#### WORK TO BE COMPLETED
Quote all lines below exactly. Images stay out.

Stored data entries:
◇ ◇ ◇ ◇ ◇ ◇ ◇

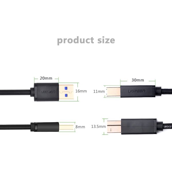 Printer cable UGREEN US210 (10372) USB-B 3.0 Type B to Type A Print Cable 2m (Black)
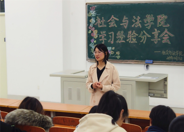 2019年11月18日晚,社会与法学院分别在博文楼210、208教室开展了学习经验分享会,分享会由2019年国家奖学金获得者张治琦、省政府奖学金获得者刘美一主讲,社会与法学院18级、19级本专科学生200余人参加了此次分享会。
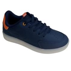 Tênis Infantil Kidy Hype Com Led Marinho E Laranja Escolar Escola Colegial Colégio Original Menino Masculino Conforto Durabilidade AnatômicoVoltasàsAulas Macio Calce FácilResistente
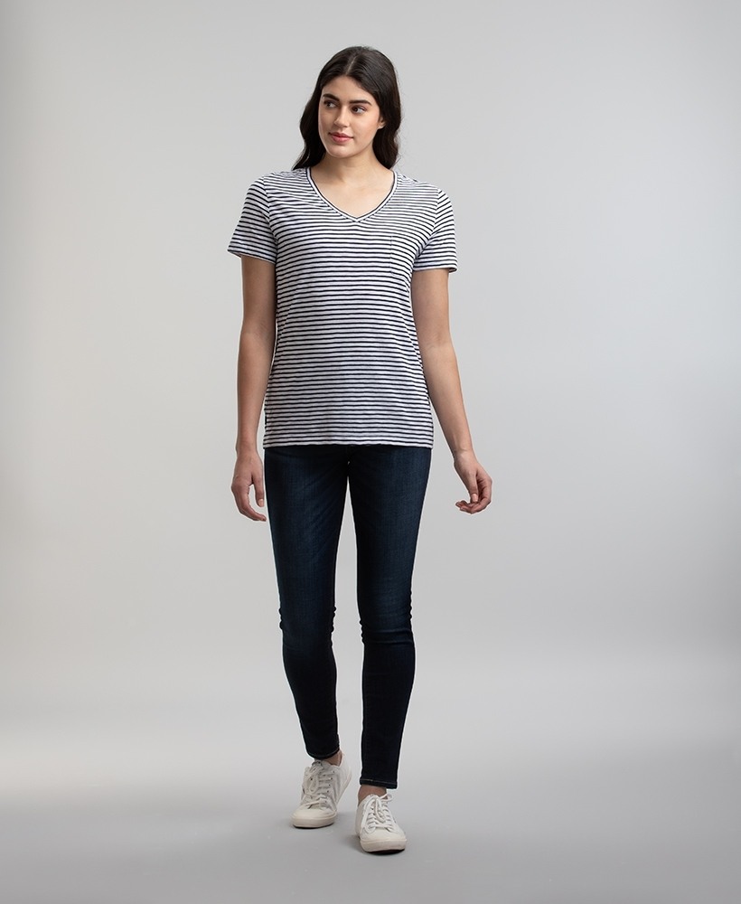 Classic, comfortable, and versatile. Whether you're wearing this tee by itself or under a jacket, you can dress your best this season. Relaxed fit – the classic Superdry fit. Not too slim, not too loose, just right. Go for your normal size, V-Neck, Short sleeves, Right breast pocket, Organic cotton, Embroidered logo, Signature Superdry tab. Made using a blend of organic cotton and TENCEL™. Organic cotton is grown using natural rather than chemical pesticides and fertilisers. The healthier soil this creates uses up to 80% less water which is better for our planet and for the farmers who grow it. TENCEL™ Modal fibres are produced by an Eco Soft technology - an environmentally responsible choice.
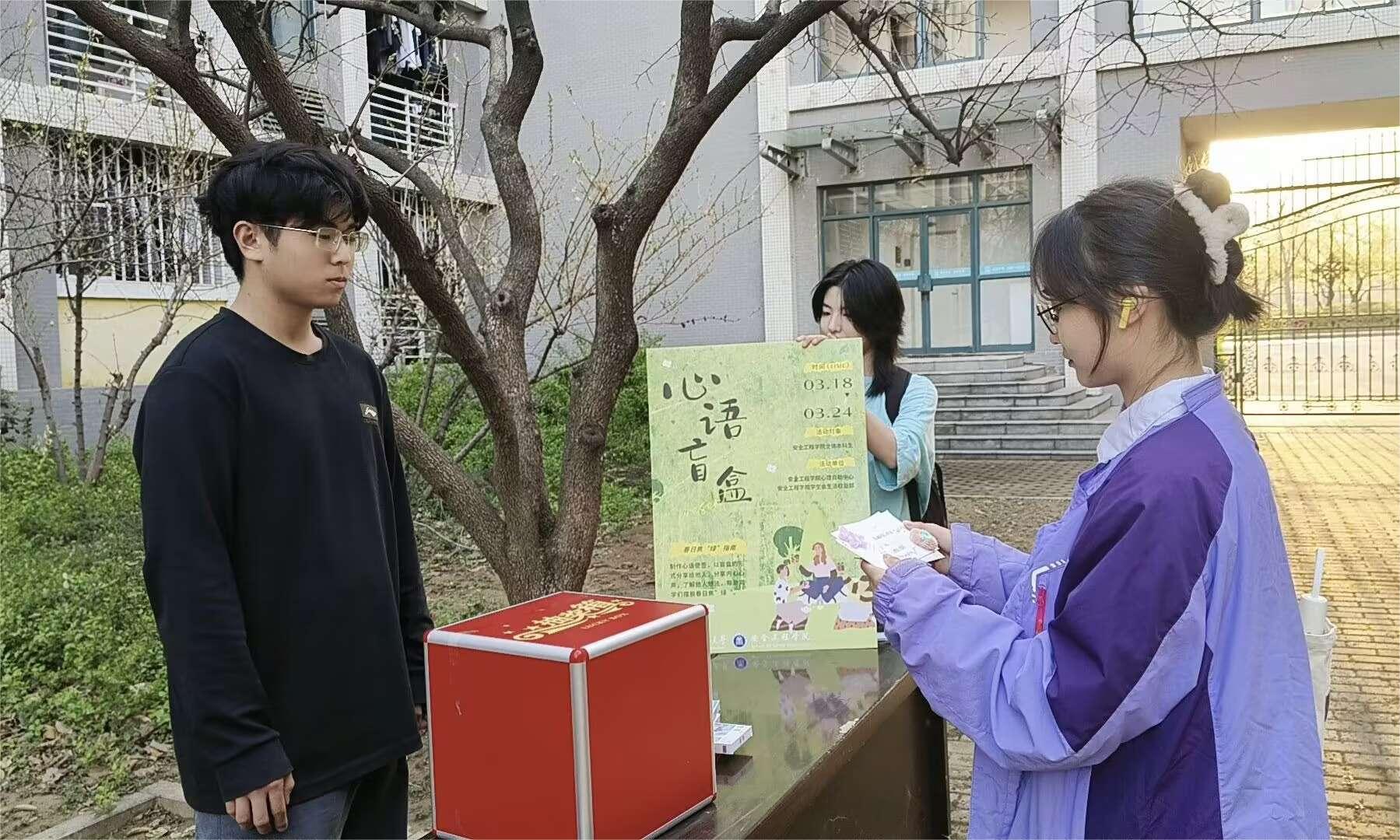活动前期,同学们领取到主办部门提前准备好的空白明信片,写下安慰和鼓励的暖心话语,绘画上装饰的图案,精心地制作好心语便签,并投入盲盒中。活动中期,同学们来到梅三天井,写下自己的焦虑或烦恼,并从盲盒中抽取一张便签作为回应。同学们通过盲盒交换的形式,在了解他人想法的同时,也将内心的心声分享给他人,互相激励和成长,共同克服内心的负面情绪。活动后期,主办部门对参与者的作品进行评比,并设立奖项,分发奖励,以鼓励同学们更勇敢地直面内心的情绪。

◇ ◇ ◇ ◇ ◇ ◇ ◇

#### EXERCISE ANSWER
 Printer cable UGREEN US210 (10372) USB-B 3.0 Type B to Type A Print Cable 2m (Black)
 2019年11月18日晚,社会与法学院分别在博文楼210、208教室开展了学习经验分享会,分享会由2019年国家奖学金获得者张治琦、省政府奖学金获得者刘美一主讲,社会与法学院18级、19级本专科学生200余人参加了此次分享会。
 Tênis Infantil Kidy Hype Com Led Marinho E Laranja Escolar Escola Colegial Colégio Original Menino Masculino Conforto Durabilidade AnatômicoVoltasàsAulas Macio Calce FácilResistente
 Classic, comfortable, and versatile. Whether you're wearing this tee by itself or under a jacket, you can dress your best this season. Relaxed fit – the classic Superdry fit. Not too slim, not too loose, just right. Go for your normal size, V-Neck, Short sleeves, Right breast pocket, Organic cotton, Embroidered logo, Signature Superdry tab. Made using a blend of organic cotton and TENCEL™. Organic cotton is grown using natural rather than chemical pesticides and fertilisers. The healthier soil this creates uses up to 80% less water which is better for our planet and for the farmers who grow it. TENCEL™ Modal fibres are produced by an Eco Soft technology - an environmentally responsible choice.
活动前期,同学们领取到主办部门提前准备好的空白明信片,写下安慰和鼓励的暖心话语,绘画上装饰的图案,精心地制作好心语便签,并投入盲盒中。活动中期,同学们来到梅三天井,写下自己的焦虑或烦恼,并从盲盒中抽取一张便签作为回应。同学们通过盲盒交换的形式,在了解他人想法的同时,也将内心的心声分享给他人,互相激励和成长,共同克服内心的负面情绪。活动后期,主办部门对参与者的作品进行评比,并设立奖项,分发奖励,以鼓励同学们更勇敢地直面内心的情绪。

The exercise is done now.